Let's begin with a bit of general advise: If you're interested in finding the bottlenecks of Python code you can use a profiler to find the functions/parts that eat up most of the time. In this case I use a line-profiler because you can actually see the implementation and the time spent on each line.
However, these tools don't work with C or Cython by default. Given that CPython (that's the Python interpreter I'm using), NumPy and pandas make heavy use of C and Cython there will be a limit how far I'll get with profiling.
Actually: one probably could extend profiling to the Cython code and probably also the C code by recompiling it with debug symbols and tracing, however it's not an easy task to compile these libraries so I won't do that (but if someone likes to do that the Cython documentation includes a page about profiling Cython code).
But let's see how far I can get:
Line-Profiling Python code
I'm going to use line-profiler and a Jupyter Notebook here:
%load_ext line_profiler
import numpy as np
import pandas as pd
x = pd.Series(np.random.randint(0, 100, 100000))
Profiling x.astype
%lprun -f x.astype x.astype(str)
Line # Hits Time Per Hit % Time Line Contents
==============================================================
87 @wraps(func)
88 def wrapper(*args, **kwargs):
89 1 12 12.0 0.0 old_arg_value = kwargs.pop(old_arg_name, None)
90 1 5 5.0 0.0 if old_arg_value is not None:
91 if mapping is not None:
...
118 1 663354 663354.0 100.0 return func(*args, **kwargs)
So that's simply a decorator and 100% of the time is spent in the decorated function.

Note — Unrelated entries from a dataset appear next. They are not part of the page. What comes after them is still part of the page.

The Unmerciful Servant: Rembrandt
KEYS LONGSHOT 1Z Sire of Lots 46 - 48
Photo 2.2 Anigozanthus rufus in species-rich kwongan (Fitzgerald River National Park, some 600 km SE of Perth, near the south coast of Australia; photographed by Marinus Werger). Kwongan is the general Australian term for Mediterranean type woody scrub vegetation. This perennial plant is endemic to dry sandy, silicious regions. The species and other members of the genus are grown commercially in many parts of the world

So let's profile the decorated function:
%lprun -f x.astype.__wrapped__ x.astype(str)
Line # Hits Time Per Hit % Time Line Contents
==============================================================
3896 @deprecate_kwarg(old_arg_name='raise_on_error', new_arg_name='errors',
3897 mapping={True: 'raise', False: 'ignore'})

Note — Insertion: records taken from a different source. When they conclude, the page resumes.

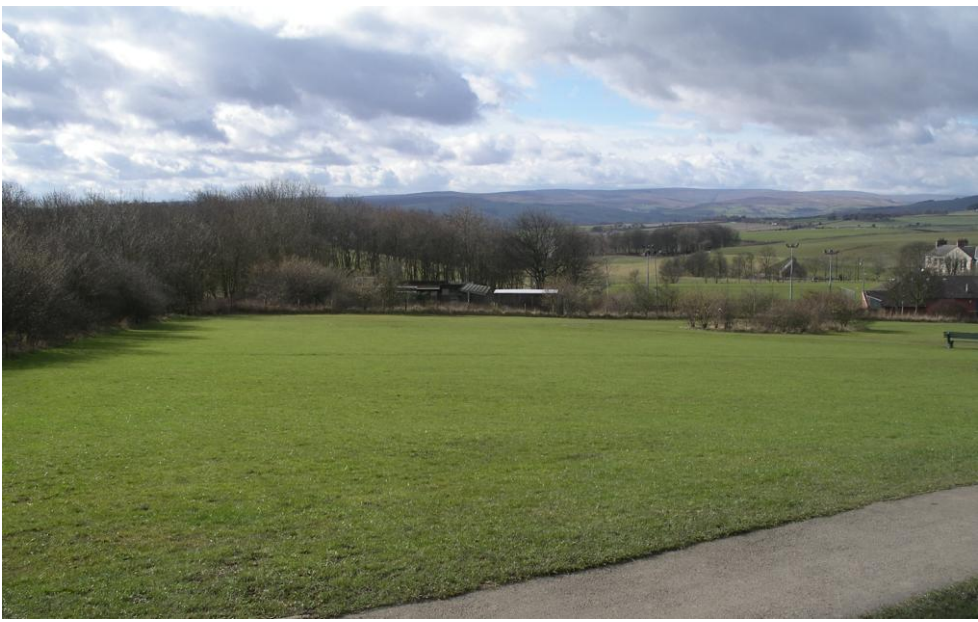
The proposed area for the new Playground

We hope to have the latest news on this project in the next edition.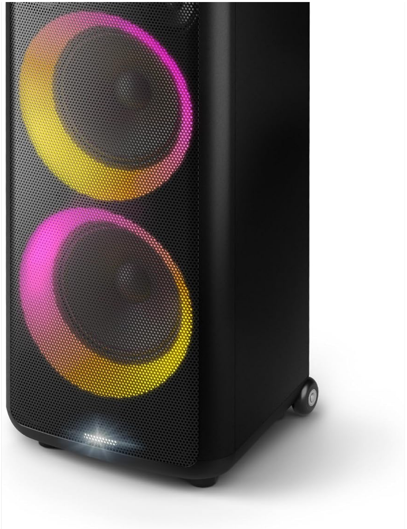
Image: The Philips X5206 Bluetooth Party Speaker, showing its front grille with two illuminated woofers and a retractable handle.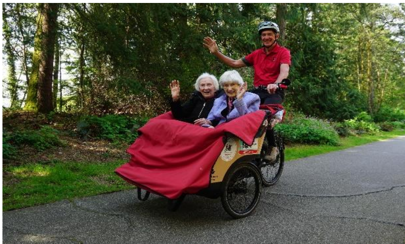
The right to wind in their hair.

We are a program of Silver Harbour Seniors' Activity Centre Society, who's ongoing enthusiastic support makes our mission possible. Our 9-person committee worked hard to advance the program.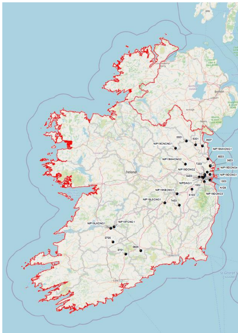
Figure 1.2: NIP Plan Area (numbers represent propose Capital Investment Projects)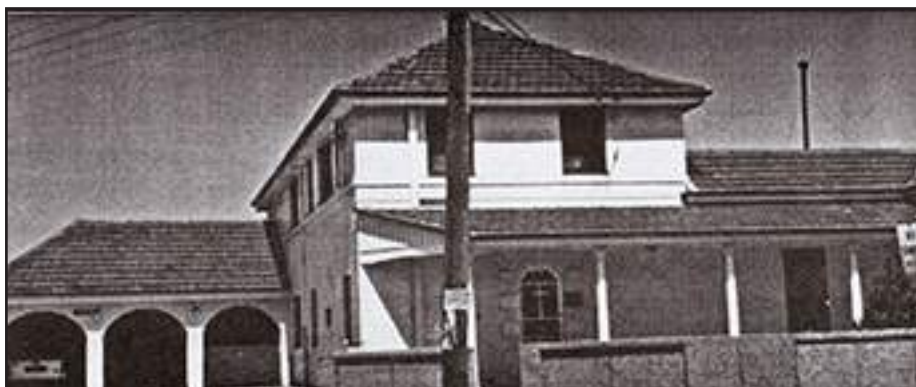
Below: The Friary that was built in 1978 and then demolished again in 1993 to make way for the new church

was bought and the factory demolished making way for a friary for the priests and a church hall. The extensions were blessed and officially opened on Sunday the 10th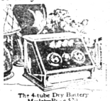
The 4-tube Dry Battery Model—Price $75.

Please call, phone, or write for demonstration, there is no obligation.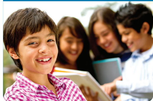
For tips on talking with patients and parents and other resources see http://www.immunizebc.ca/infographic/story.html

The 'HPV vaccine is cancer prevention' message resonates strongly with parents. Studies show that a strong recommendation from you is the single best predictor of vaccination. 12,13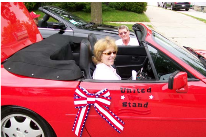
The Reich's show their patriotic spirit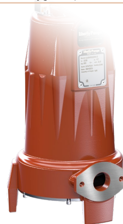
LGV02 2.5 hp Model Shown

Flygt is not affiliated with Liberty Pumps Engineered Products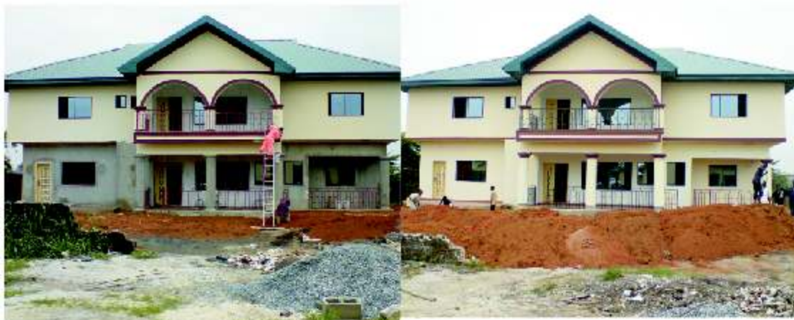
Plates 3f: Showing completion works and sandfilling of parish house premises with laterite The trucks that were used to sandfill the presbytery arena were provided by Engr. Emeka Otutu

3898 def astype(self, dtype, copy=True, errors='raise', **kwargs):
3899 """
...
3975 """
3976 1 28 28.0 0.0 if is_dict_like(dtype):
3977 if self.ndim == 1: # i.e. Series
...
4001
4002 # else, only a single dtype is given
4003 1 14 14.0 0.0 new_data = self._data.astype(dtype=dtype, copy=copy, errors=errors,
4004 1 685863 685863.0 99.9 **kwargs)
4005 1 340 340.0 0.0 return self._constructor(new_data).__finalize__(self)
Source
Again one line is the bottleneck so let's check the _data.astype method:
%lprun -f x._data.astype x.astype(str)
Line # Hits Time Per Hit % Time Line Contents
==============================================================
3461 def astype(self, dtype, **kwargs):
3462 1 695866 695866.0 100.0 return self.apply('astype', dtype=dtype, **kwargs)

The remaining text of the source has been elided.